Они поднялись с мест. И тут Бентон вспомнил, что так и не спросил о завещании мисс Грэдвин. Забыть о таком указании А.Д. было бы серьезным промахом. Разозлившись на себя самого, он заговорил, даже не успев толком подумать:
— Вы сказали, что были близким другом мисс Грэдвин. Возможно, она когда-нибудь сообщала вам по секрету условия ее завещания? Намекала, что вы можете быть одним из ее наследников? Во время вашей последней встречи, например? Когда это было?
— Двадцать первого ноября, в «Айви». Она ни словом не упоминала о завещании. С чего бы вдруг? Завещания — это ведь когда речь заходит о смерти. Она не собиралась умирать. Ее операция не была опасна для жизни. С какой стати мы заговорили бы о завещании? А вы что, хотите сказать, что вы его видели?
Вот теперь в его возмущенном тоне можно было безошибочно расслышать нотки полустыдливого любопытства и надежды.
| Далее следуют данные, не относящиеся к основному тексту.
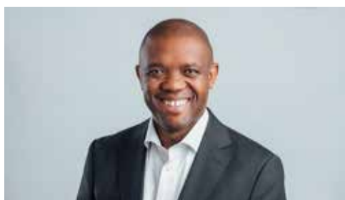
Leader of Rise Mzansi Songezo Zibi.

SOUTH AFRICA - In a stark indictment of the current administration, RISE Mzansi has raised alarm over the worsening rolling blackouts plaguing South Africa, culminating in the unprecedented escalation to Stage 6 shortly after President Ramaphosa's State of the Nation Address on February 9, 2024. The organisation asserts that these
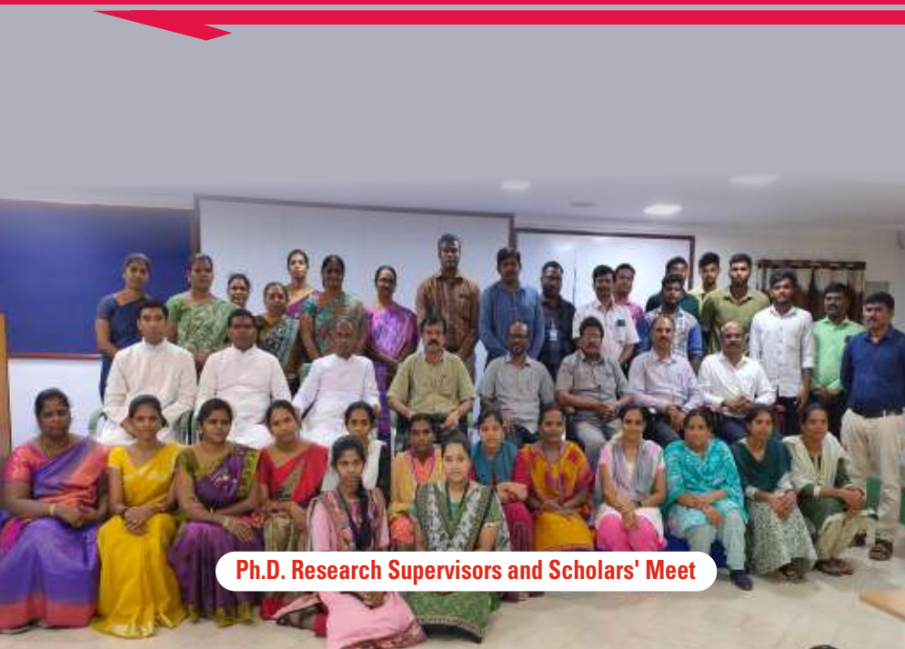
Ph.D. Research Supervisors and Scholars' Meet

A variety of Under Graduate, Post Graduate and Research (Ph.D.) Programmes in Arts, Science and Commerce is offered @ St. Joseph's
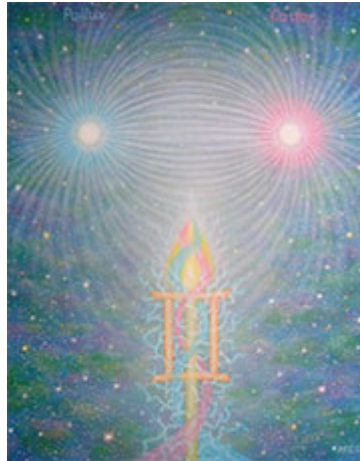
Pollux and Castor

In the three horned Signs, well symbolized by the animals, the Ram, the Bull and the Alpine Ibex (Capricorn), the two horns indicate duality, but when illumination of the mind is achieved, Their united symbol is the Unicorn. The horns are now twined into one horn, piercing glamour and illusion.
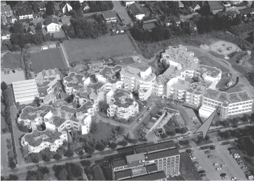
Aktion Sonnenschein, Kinderzentrum, Theodor Hellbrügge Foundation
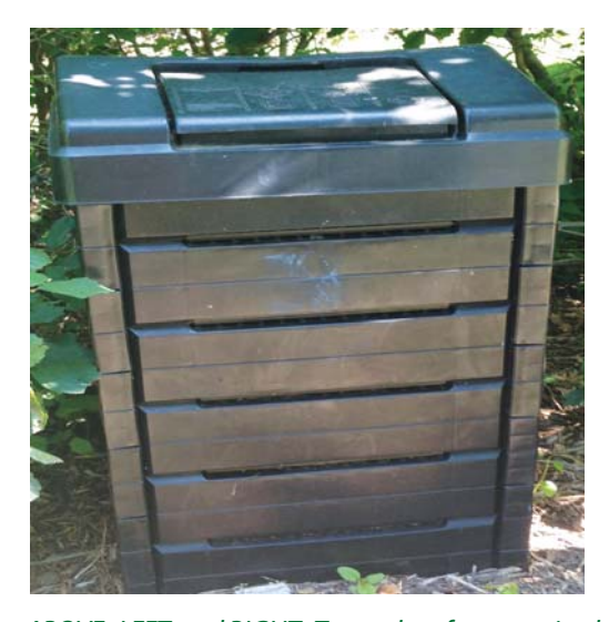
ABOVE; LEFT and RIGHT: Two styles of composting bins.

Composting is when you separate out your kitchen vegetables and yard waste at home, and place it into a special pile so that it that breaks down into a natural, soil-like product that can be used as fertilizer.
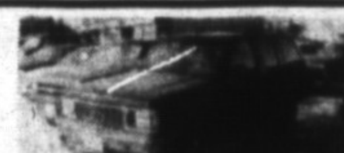
1994 JIMMY SLT 4X4

Red w/graphite interior, 3.1L V6, air, automatic, power windows, locks, tilt, cruise, cass., Bal. of factory warranty. Buy $17,995 Lease $299 + taxes 36 months
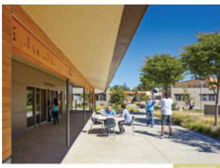
Community Center and Commons at the heart of the site

Located within the fertile Sonoma Valley, the open mid-block site is part of a suburban residential area and was previously slated for the development of 14 single-family residential units. The Sweetwater Spectrum community preserves the important community midblock
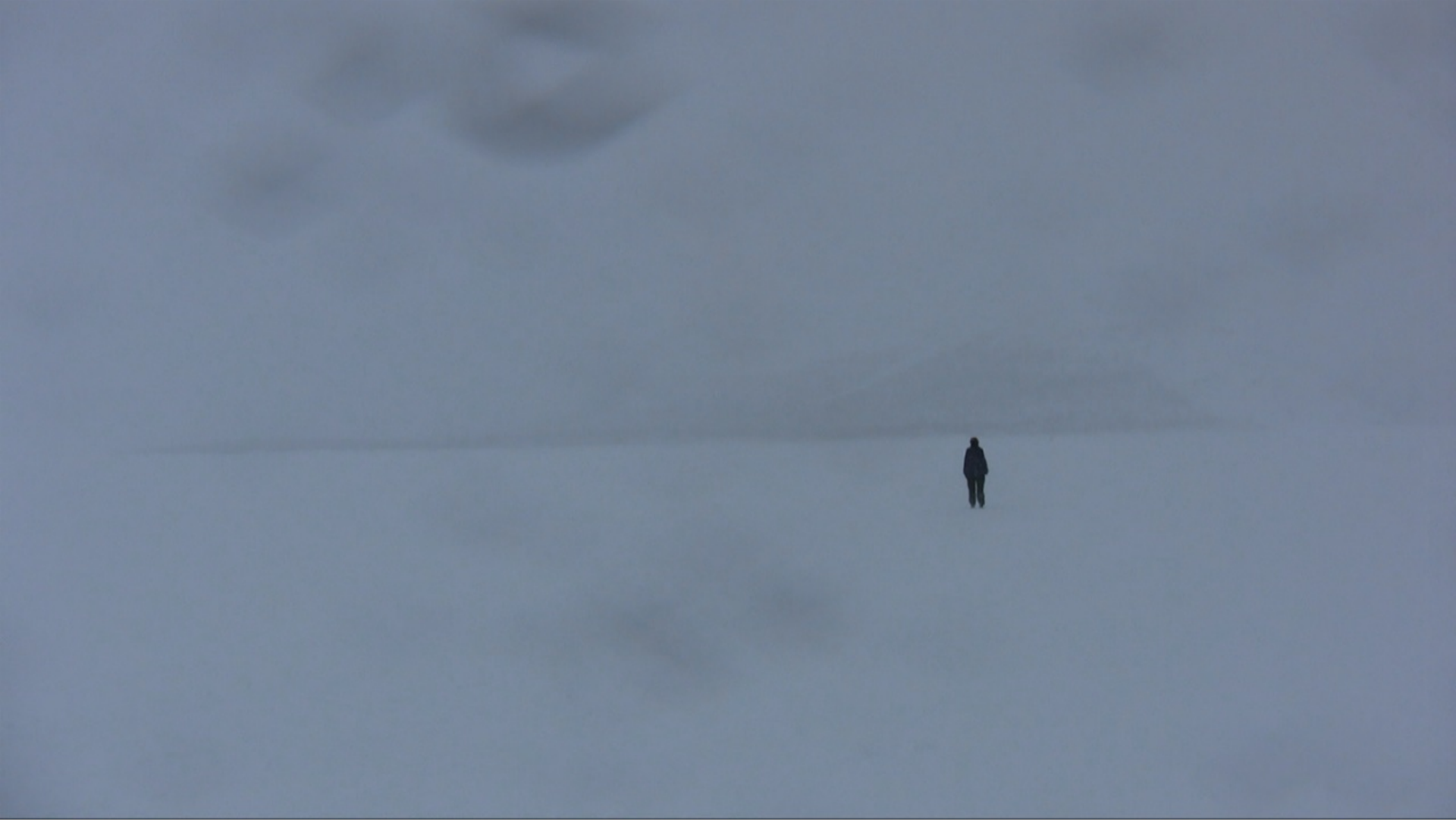
Meeting Malla, video still 12
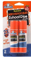
2 Glue Sticks
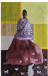
Collin Sekajugo Warm winter, 2021 Polypropylene, paint and photo on canvas 136 x 85 cm 53 1/2 x 33 1/2 in (G1957CS009)
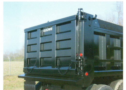
Optional air barn door with asphalt lip shown.
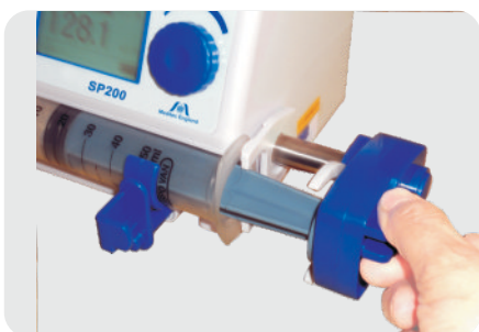
Single Hand Operation
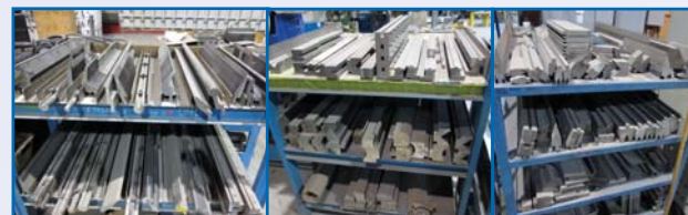
PARTIAL VIEW OF PRESS BRAKE DIES AND TOOLING
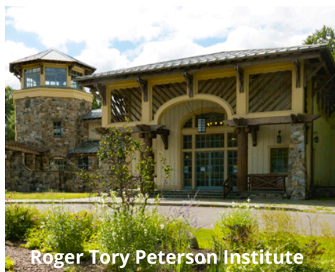
Roger Tory Peterson Institute

Born and raised in Jamestown, New York, Roger Tory Peterson became the premier artist-naturalist of the 20th century. Tour the Institute, a 23,000 sq. foot architectural gem erected to preserve and display the most comprehensive collection of Peterson's artwork, photographs, films, manuscripts, and related archival material. The Institute also regularly exhibits the work of other famed artists.

Но Бентон равнодушно ответил:
— Да нет, не видели. Я просто подумал…
Бойтон не пошел проводить их до двери: они оставили его сидящим у стола, с головой, опущенной на руки. Закрыв за собой садовую калитку, они вместе направились к Старому полицейскому коттеджу. Бентон спросил:
— Ну, так что вы о нем думаете?
— Да что-то не больно хорошо, сержант. Не такой уж он умный, верно? И злобный к тому же. Но как убийцу я его не представляю. Если бы он хотел убить мисс Грэдвин, зачем ему за ней сюда-то ехать? У него было бы гораздо больше возможностей в Лондоне. И не представляю, как он мог бы это сделать без соучастника.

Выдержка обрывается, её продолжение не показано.